— Source data —
%%
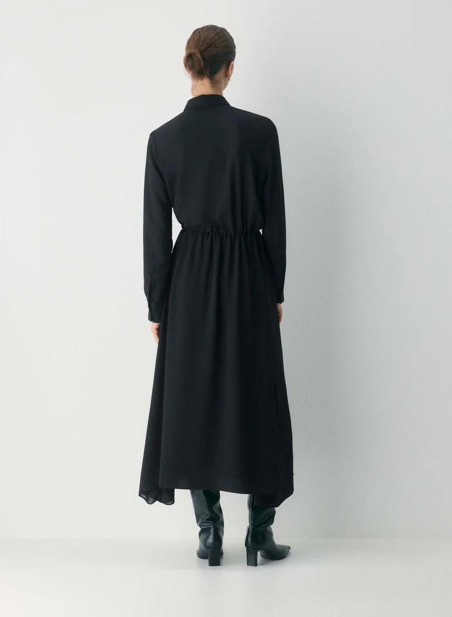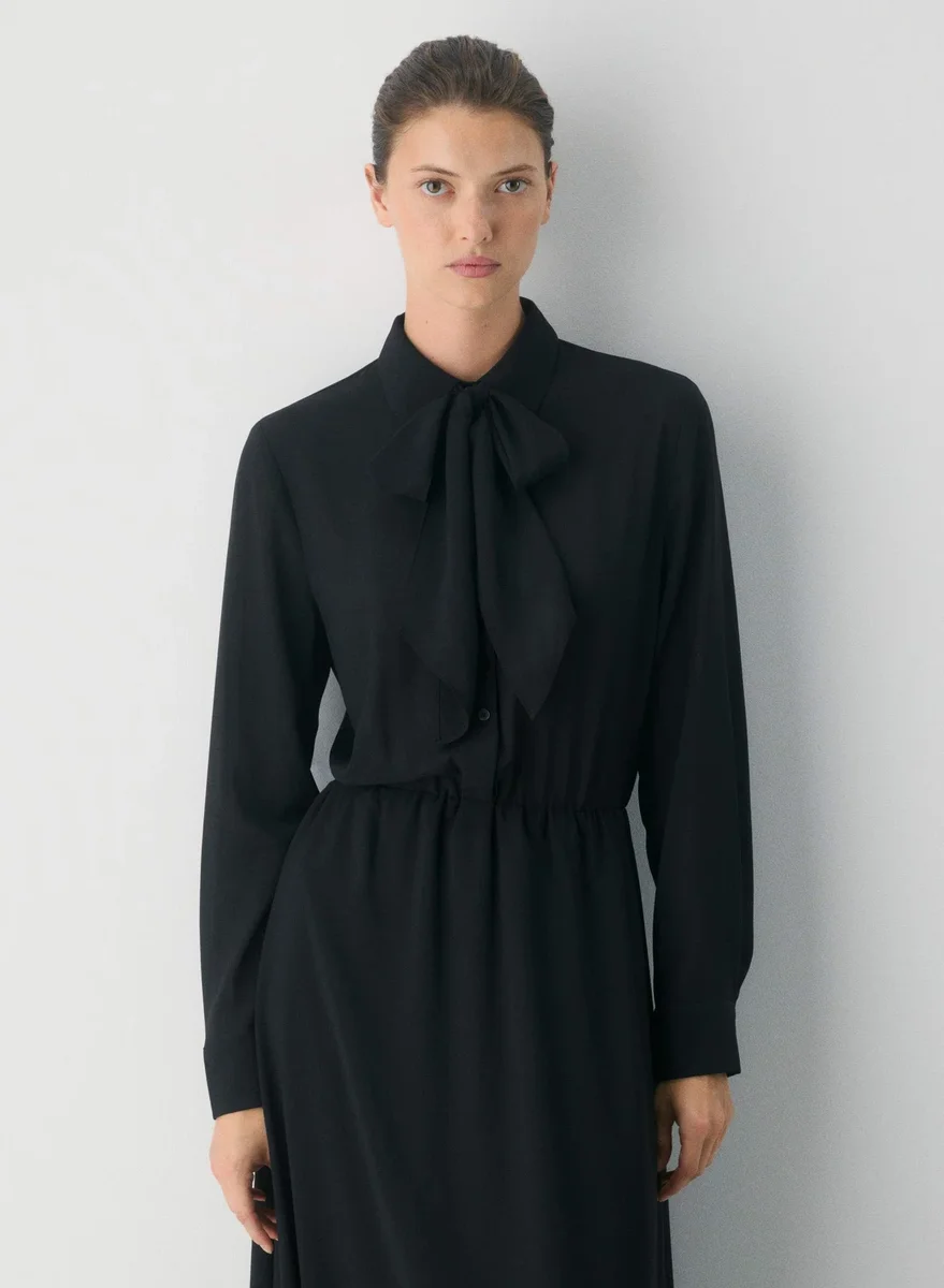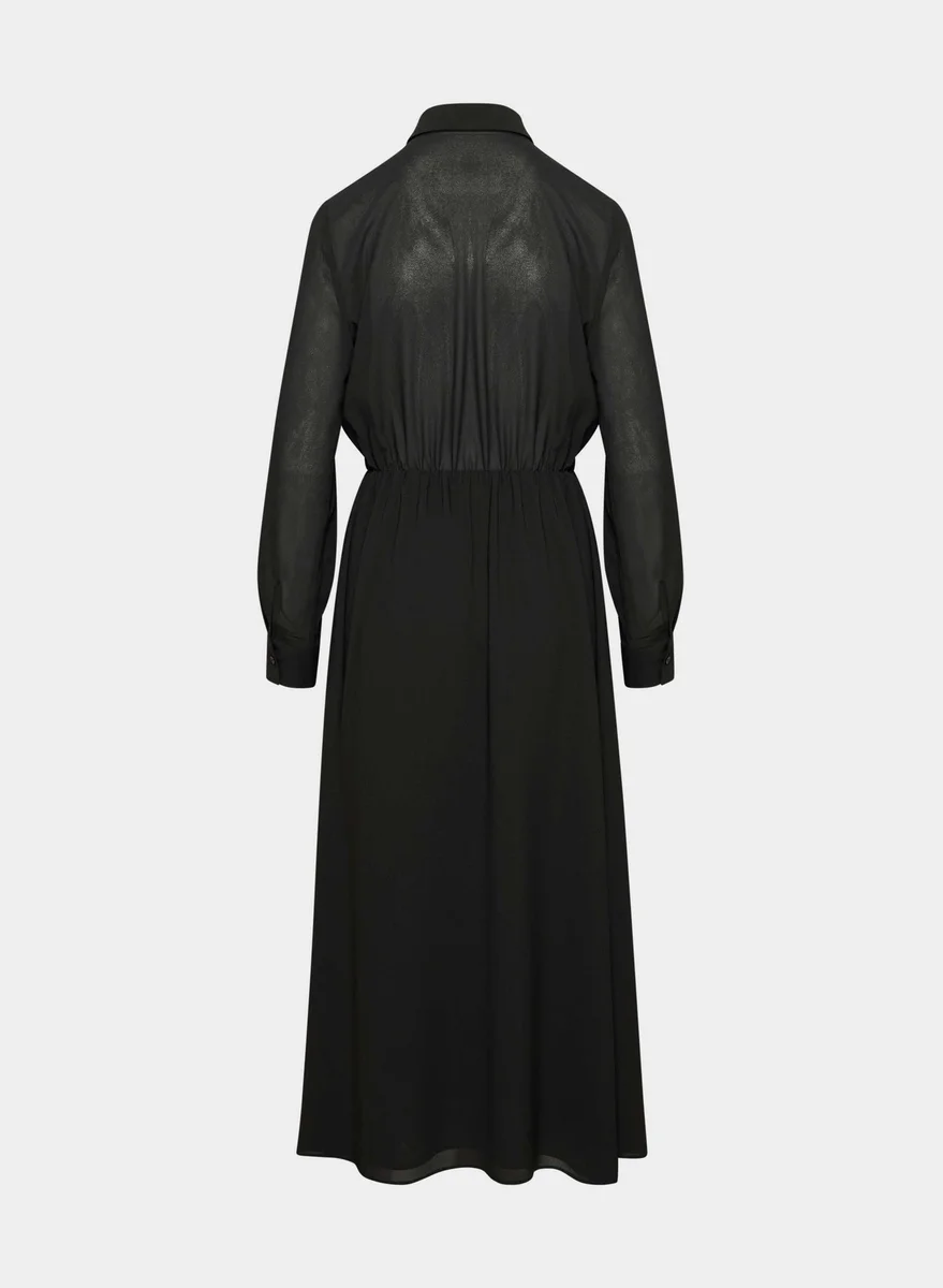 Power dressingThis is a button-up midi shirt dress with a tie neck. It’s made with Fête Chiffon™ — lightweight, semi-sheer fabric with an ethereal drape. This version is made with 55% recycled polyester.
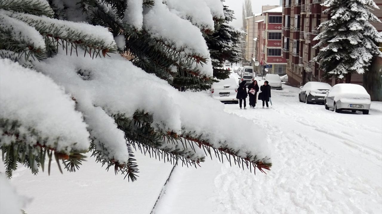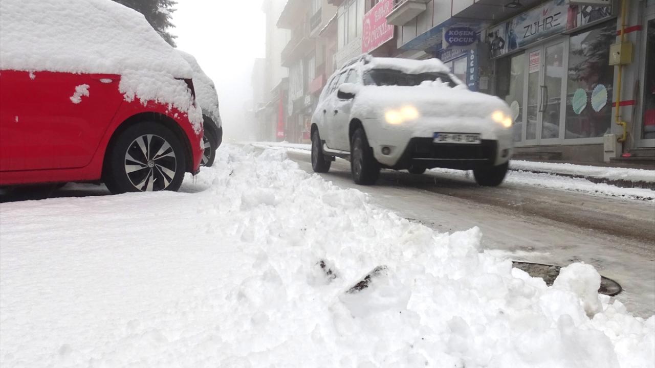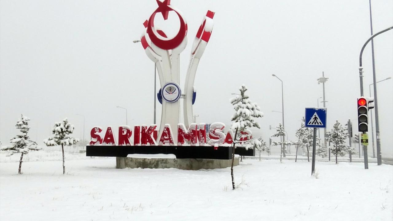 Kars'ın Sarıkamış ilçesinde kar yağışı etkili oldu.
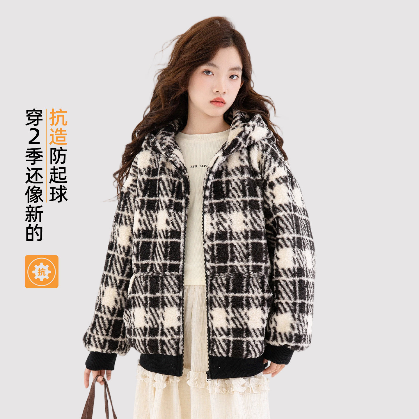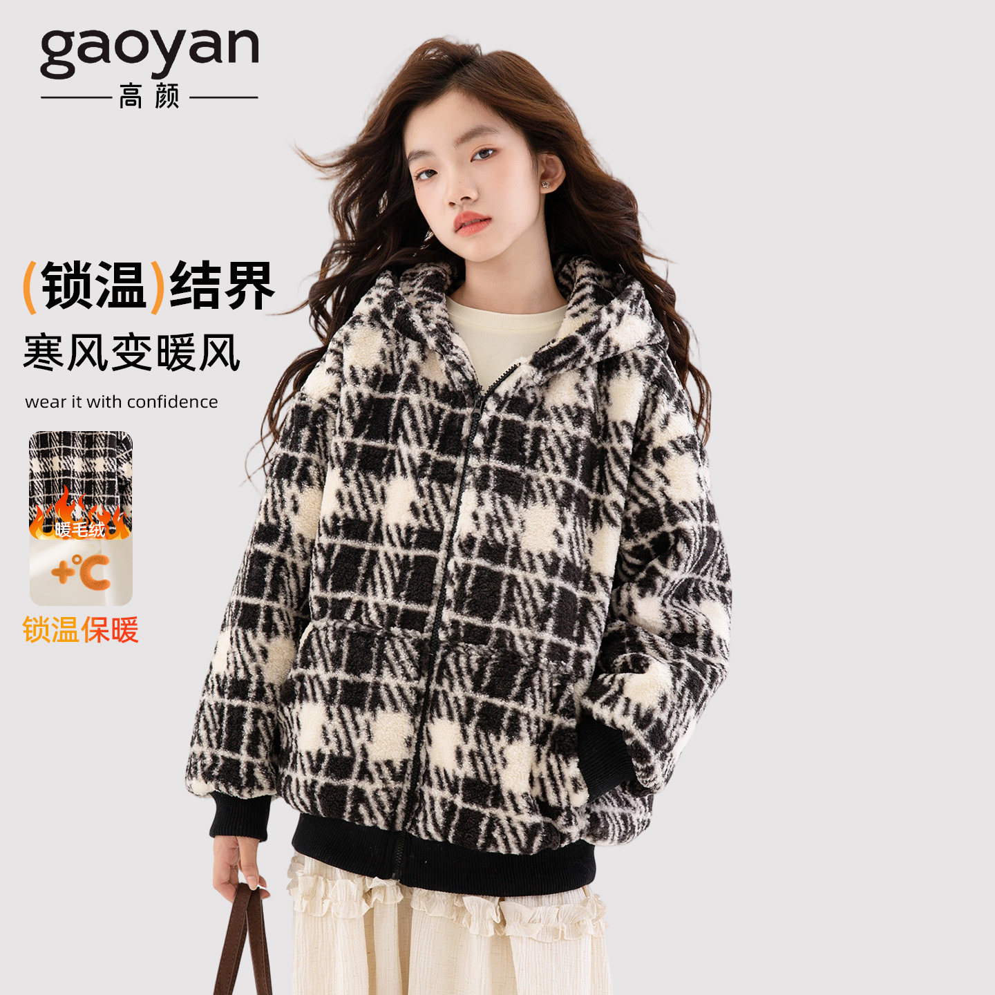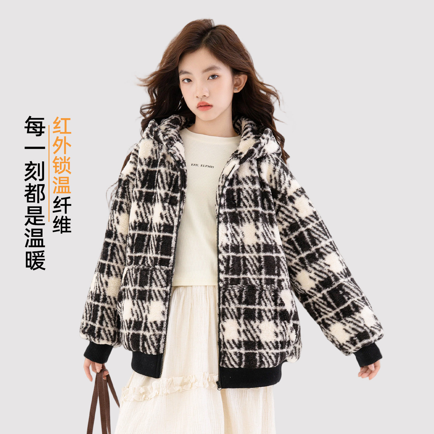 女童超好看夹棉外套2025新款秋冬初中生女孩保暖加厚儿童格纹上衣
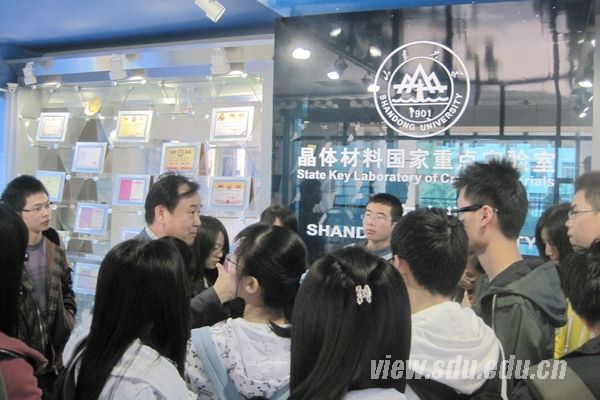 宣讲会后,同学们饶有兴趣地参观了晶体材料国家重点实验室,在参观时被各种晶体实物深深地吸引了,并且结合老师们详细的介绍对晶体和晶体生长知识有了进一步的了解。同学们还参观了多功能X射线衍射仪、X射线单晶衍射仪、扫描探针显微镜、扫描电镜、高分辨透射电镜以及晶体生长等相关设备及实验室。此次参观激发了同学们对学习知识和探求晶体世界奥秘的兴趣,拓宽了其专业视野。“蒋民华班”宣讲会的举行,为2012年首届“蒋民华班”学生选拔工作奠定了良好基础。
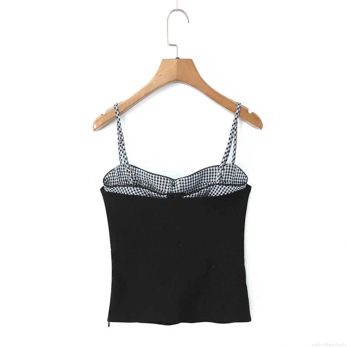 • Women's Slim Fit Camisole Tank Top Polyester Gingham Contrast Splicing Spaghetti Strap Button Decor Streetwear Sexy Summer Vest Top
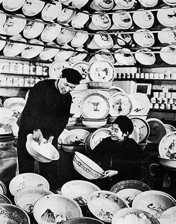 1960年代,大连搪瓷厂库房,两位正在进行质量检查的职工。
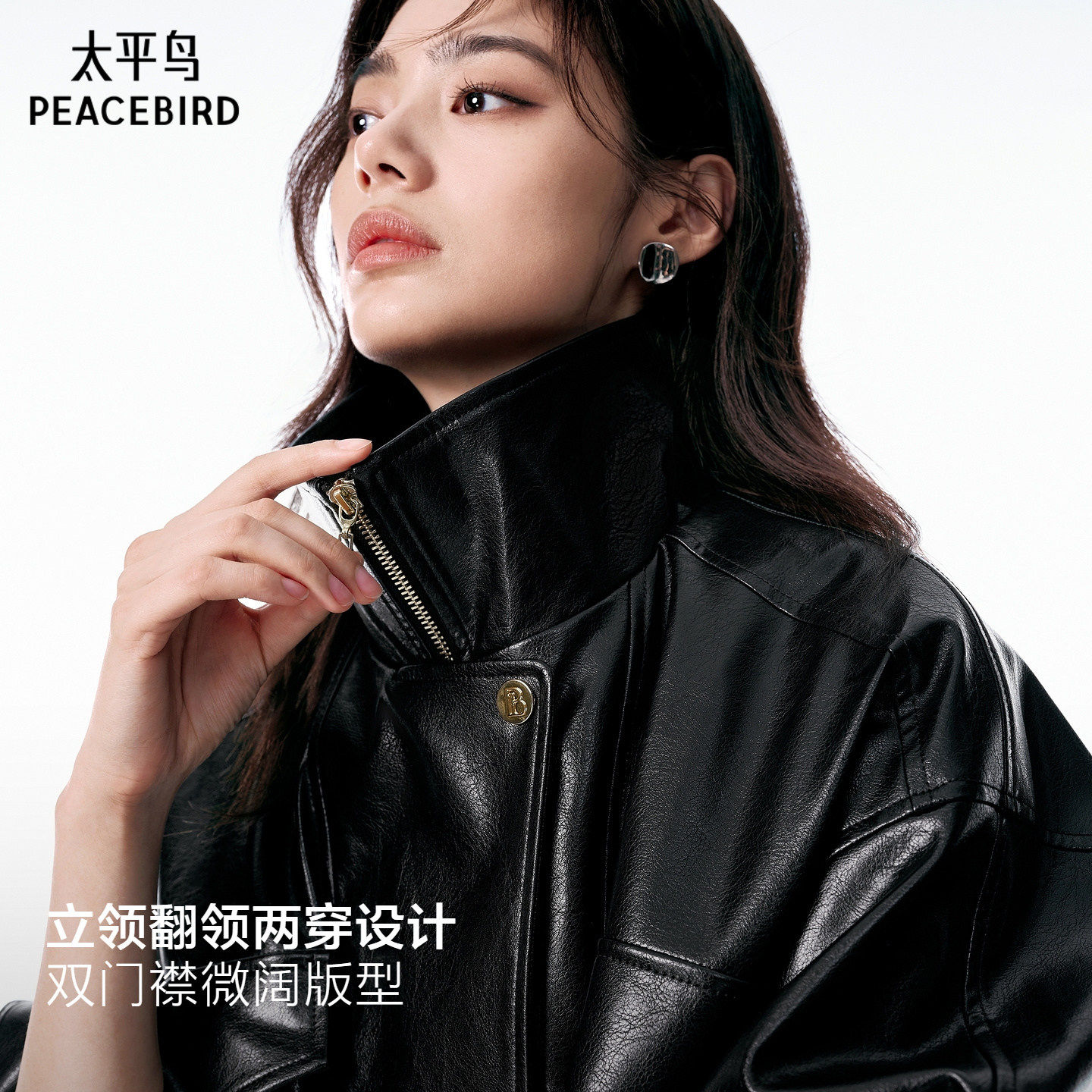 【达播专属】太平鸟肌理PU机车皮衣复古廓形外套简约立领
%%
— WORK TO COMPLETE —
Drop every picture, then write out the remaining entries above exactly as they appear.

— ANSWER FOR THE TASK —
 Power dressingThis is a button-up midi shirt dress with a tie neck. It’s made with Fête Chiffon™ — lightweight, semi-sheer fabric with an ethereal drape. This version is made with 55% recycled polyester.
 Kars'ın Sarıkamış ilçesinde kar yağışı etkili oldu.
 女童超好看夹棉外套2025新款秋冬初中生女孩保暖加厚儿童格纹上衣
 宣讲会后,同学们饶有兴趣地参观了晶体材料国家重点实验室,在参观时被各种晶体实物深深地吸引了,并且结合老师们详细的介绍对晶体和晶体生长知识有了进一步的了解。同学们还参观了多功能X射线衍射仪、X射线单晶衍射仪、扫描探针显微镜、扫描电镜、高分辨透射电镜以及晶体生长等相关设备及实验室。此次参观激发了同学们对学习知识和探求晶体世界奥秘的兴趣,拓宽了其专业视野。“蒋民华班”宣讲会的举行,为2012年首届“蒋民华班”学生选拔工作奠定了良好基础。
 • Women's Slim Fit Camisole Tank Top Polyester Gingham Contrast Splicing Spaghetti Strap Button Decor Streetwear Sexy Summer Vest Top
 1960年代,大连搪瓷厂库房,两位正在进行质量检查的职工。
 【达播专属】太平鸟肌理PU机车皮衣复古廓形外套简约立领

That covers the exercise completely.